-- WHAT YOU WILL DO --
Leaving out every picture, copy the lines of the material below exactly, from the line containing "La muestra fue" through the line containing "更新后台管理员的密码,update wp_users set".

((

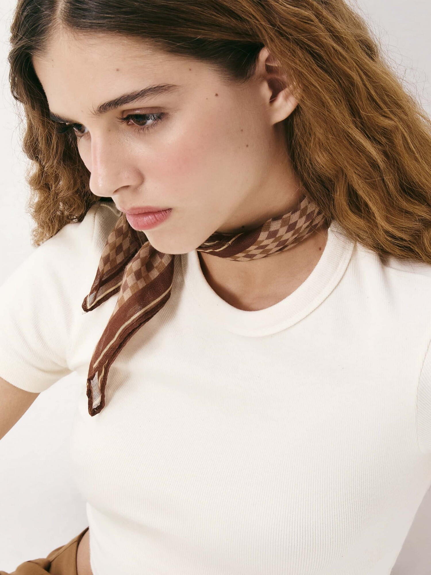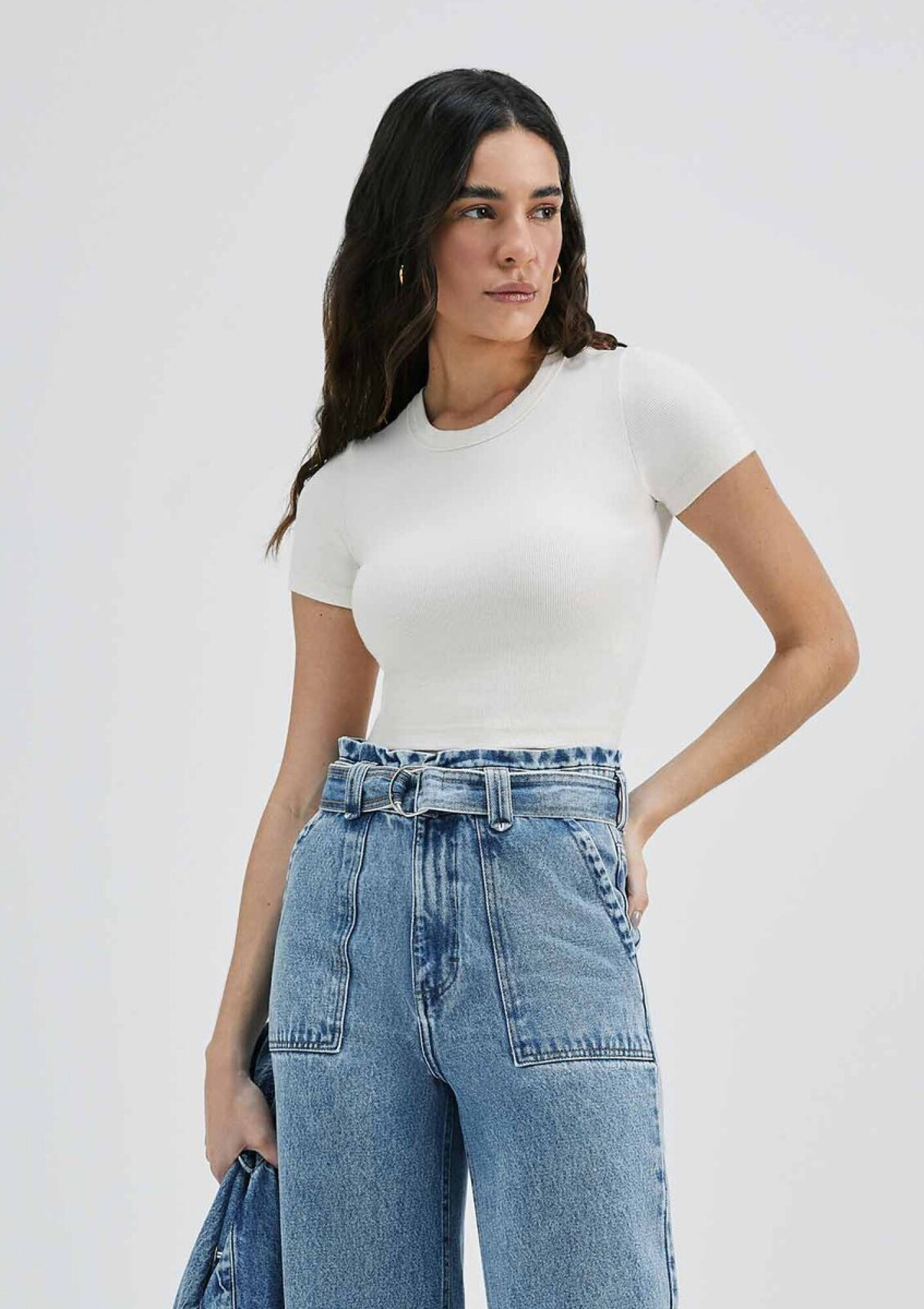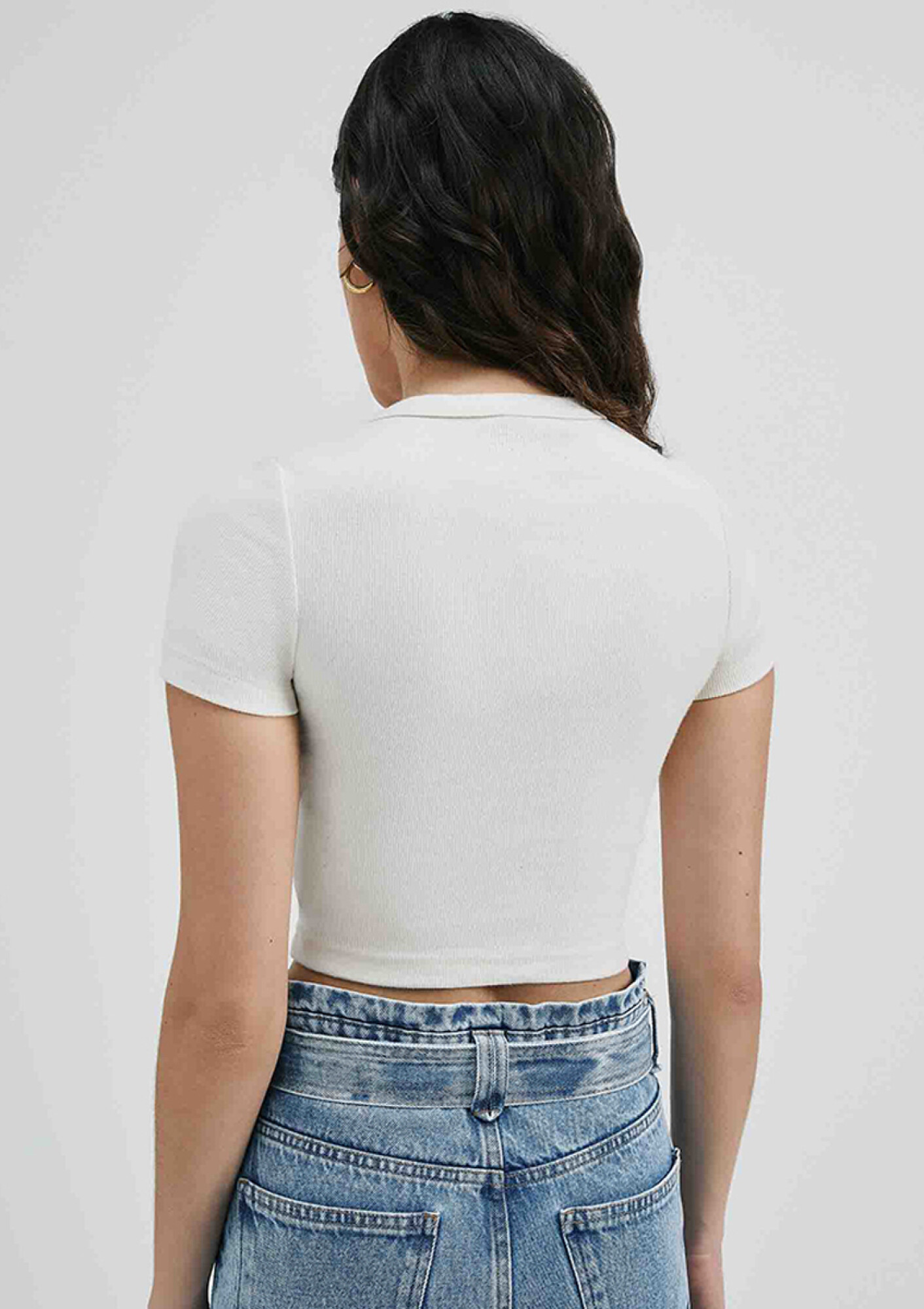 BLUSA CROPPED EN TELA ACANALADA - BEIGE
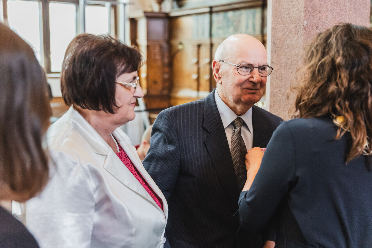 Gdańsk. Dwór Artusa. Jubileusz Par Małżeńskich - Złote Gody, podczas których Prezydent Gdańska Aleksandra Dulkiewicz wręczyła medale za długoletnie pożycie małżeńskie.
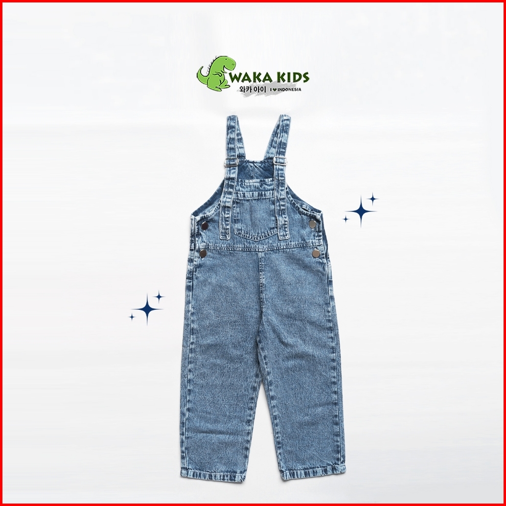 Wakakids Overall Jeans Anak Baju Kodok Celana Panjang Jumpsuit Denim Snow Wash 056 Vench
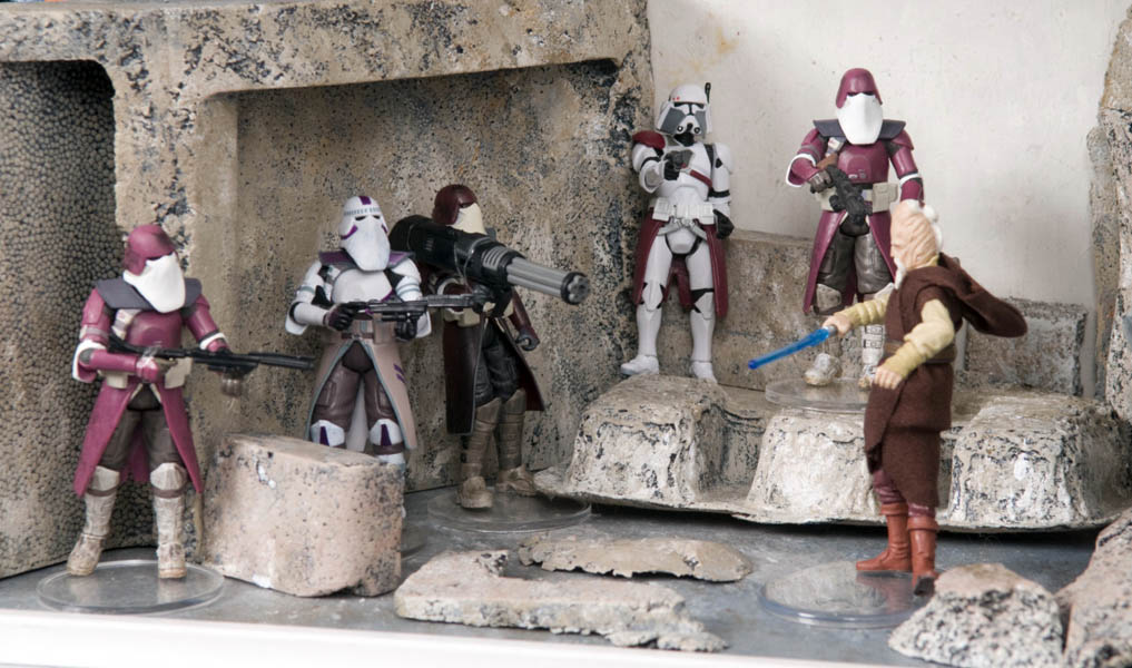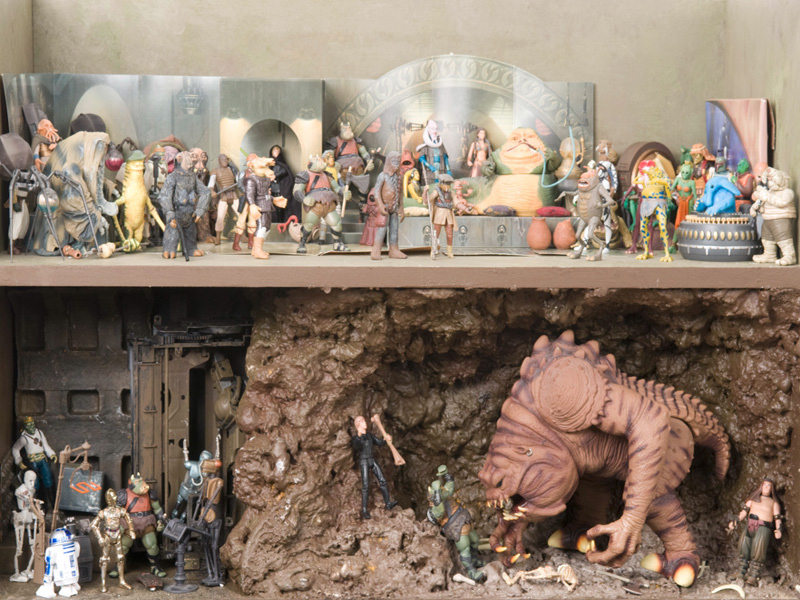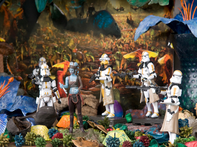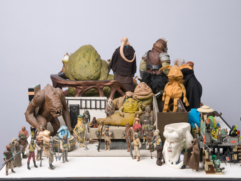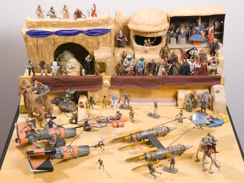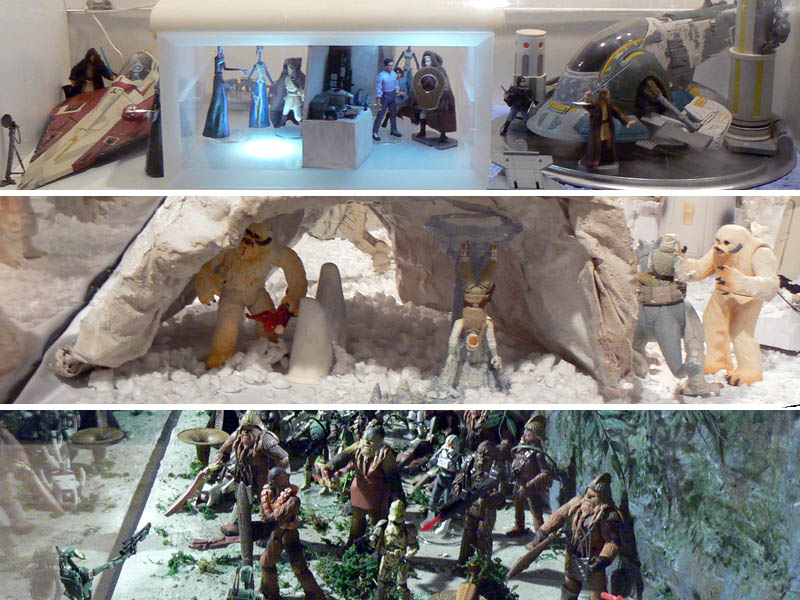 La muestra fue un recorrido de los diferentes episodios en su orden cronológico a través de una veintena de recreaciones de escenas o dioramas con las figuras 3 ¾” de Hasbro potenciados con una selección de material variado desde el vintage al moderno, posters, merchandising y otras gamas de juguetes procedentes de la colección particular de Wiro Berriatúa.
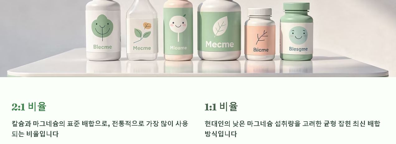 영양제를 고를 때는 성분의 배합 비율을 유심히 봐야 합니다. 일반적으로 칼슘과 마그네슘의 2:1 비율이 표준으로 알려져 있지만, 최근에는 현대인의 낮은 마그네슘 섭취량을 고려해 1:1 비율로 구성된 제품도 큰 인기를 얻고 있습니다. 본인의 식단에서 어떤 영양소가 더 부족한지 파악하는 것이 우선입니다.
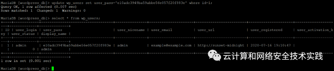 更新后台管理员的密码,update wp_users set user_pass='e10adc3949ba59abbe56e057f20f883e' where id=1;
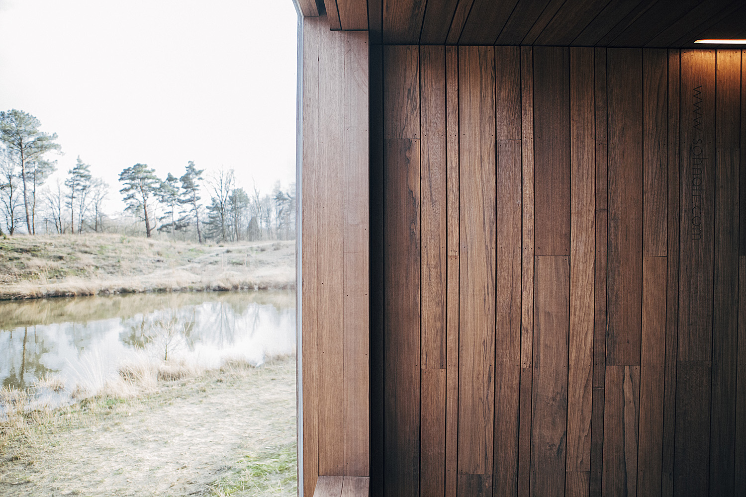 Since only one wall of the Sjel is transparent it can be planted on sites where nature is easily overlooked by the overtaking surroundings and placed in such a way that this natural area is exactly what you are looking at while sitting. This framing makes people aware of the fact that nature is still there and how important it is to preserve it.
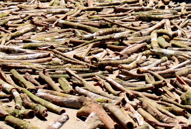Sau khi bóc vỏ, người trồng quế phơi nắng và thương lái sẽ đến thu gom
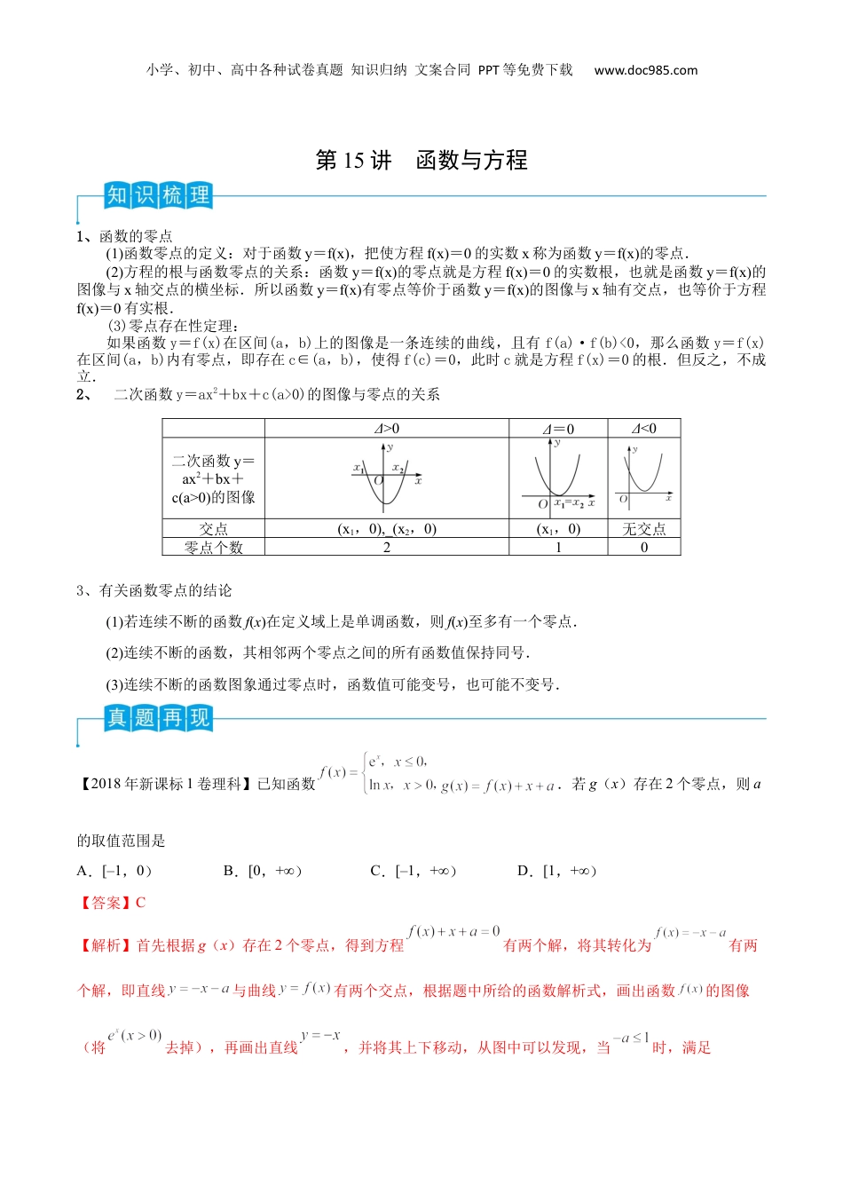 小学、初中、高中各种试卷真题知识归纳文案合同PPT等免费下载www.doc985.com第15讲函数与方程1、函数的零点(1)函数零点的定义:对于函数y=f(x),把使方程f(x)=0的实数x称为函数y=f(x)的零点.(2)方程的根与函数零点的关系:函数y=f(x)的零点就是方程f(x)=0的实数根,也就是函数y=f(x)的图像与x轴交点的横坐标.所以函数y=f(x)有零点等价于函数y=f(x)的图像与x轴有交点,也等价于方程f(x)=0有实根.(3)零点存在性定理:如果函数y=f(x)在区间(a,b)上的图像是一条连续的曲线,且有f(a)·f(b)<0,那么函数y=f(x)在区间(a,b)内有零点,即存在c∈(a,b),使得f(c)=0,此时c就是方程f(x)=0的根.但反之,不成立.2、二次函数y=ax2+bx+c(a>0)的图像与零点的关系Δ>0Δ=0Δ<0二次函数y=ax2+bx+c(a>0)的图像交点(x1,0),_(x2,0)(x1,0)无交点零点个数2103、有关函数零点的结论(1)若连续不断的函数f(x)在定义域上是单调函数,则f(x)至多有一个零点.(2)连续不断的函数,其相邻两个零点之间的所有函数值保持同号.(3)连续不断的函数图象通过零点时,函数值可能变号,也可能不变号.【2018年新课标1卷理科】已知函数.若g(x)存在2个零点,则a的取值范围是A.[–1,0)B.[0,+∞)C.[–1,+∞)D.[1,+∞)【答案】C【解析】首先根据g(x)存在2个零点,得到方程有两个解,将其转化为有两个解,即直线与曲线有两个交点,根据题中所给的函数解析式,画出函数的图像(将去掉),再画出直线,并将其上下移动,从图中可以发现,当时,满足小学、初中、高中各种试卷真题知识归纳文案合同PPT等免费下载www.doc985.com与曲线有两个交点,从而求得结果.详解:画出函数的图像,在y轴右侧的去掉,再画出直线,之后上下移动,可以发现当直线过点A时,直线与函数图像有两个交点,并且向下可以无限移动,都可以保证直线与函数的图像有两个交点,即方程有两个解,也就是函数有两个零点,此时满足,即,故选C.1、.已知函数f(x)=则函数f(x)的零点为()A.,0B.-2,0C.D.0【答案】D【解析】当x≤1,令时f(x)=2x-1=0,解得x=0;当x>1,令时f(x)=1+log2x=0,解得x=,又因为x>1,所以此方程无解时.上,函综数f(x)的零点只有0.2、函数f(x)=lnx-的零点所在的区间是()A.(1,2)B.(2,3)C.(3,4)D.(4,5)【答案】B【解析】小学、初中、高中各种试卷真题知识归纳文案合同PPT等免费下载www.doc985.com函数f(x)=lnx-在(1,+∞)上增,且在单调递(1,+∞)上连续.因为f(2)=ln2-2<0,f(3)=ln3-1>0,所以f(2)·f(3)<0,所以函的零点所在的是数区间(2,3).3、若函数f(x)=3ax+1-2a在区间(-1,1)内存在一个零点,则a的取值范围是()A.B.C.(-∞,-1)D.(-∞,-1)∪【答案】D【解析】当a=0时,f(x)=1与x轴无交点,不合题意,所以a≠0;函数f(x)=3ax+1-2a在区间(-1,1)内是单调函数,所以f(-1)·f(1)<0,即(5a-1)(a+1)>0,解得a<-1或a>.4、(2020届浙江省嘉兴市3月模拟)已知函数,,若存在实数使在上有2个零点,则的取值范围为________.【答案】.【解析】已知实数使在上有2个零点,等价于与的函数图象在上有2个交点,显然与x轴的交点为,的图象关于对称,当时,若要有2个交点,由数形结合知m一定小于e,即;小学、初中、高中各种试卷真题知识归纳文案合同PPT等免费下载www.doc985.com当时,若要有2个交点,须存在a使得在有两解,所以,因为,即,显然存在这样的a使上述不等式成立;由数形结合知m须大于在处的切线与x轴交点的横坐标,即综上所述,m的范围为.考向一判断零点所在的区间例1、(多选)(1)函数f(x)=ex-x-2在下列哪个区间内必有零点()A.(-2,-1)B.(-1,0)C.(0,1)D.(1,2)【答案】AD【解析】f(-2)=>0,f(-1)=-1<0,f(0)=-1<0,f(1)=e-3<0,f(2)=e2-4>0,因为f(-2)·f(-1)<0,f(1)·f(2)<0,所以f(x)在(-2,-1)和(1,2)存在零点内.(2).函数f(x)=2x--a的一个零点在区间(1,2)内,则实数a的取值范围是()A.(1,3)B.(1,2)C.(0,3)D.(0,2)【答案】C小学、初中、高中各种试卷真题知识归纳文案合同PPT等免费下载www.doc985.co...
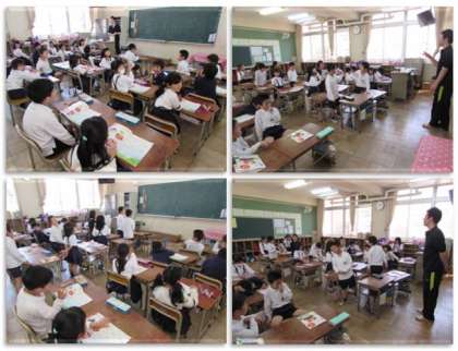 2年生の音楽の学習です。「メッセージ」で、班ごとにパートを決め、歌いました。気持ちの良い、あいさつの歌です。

))

-- REPLY TO THE EXERCISE --
 La muestra fue un recorrido de los diferentes episodios en su orden cronológico a través de una veintena de recreaciones de escenas o dioramas con las figuras 3 ¾” de Hasbro potenciados con una selección de material variado desde el vintage al moderno, posters, merchandising y otras gamas de juguetes procedentes de la colección particular de Wiro Berriatúa.
 영양제를 고를 때는 성분의 배합 비율을 유심히 봐야 합니다. 일반적으로 칼슘과 마그네슘의 2:1 비율이 표준으로 알려져 있지만, 최근에는 현대인의 낮은 마그네슘 섭취량을 고려해 1:1 비율로 구성된 제품도 큰 인기를 얻고 있습니다. 본인의 식단에서 어떤 영양소가 더 부족한지 파악하는 것이 우선입니다.
 更新后台管理员的密码,update wp_users set user_pass='e10adc3949ba59abbe56e057f20f883e' where id=1;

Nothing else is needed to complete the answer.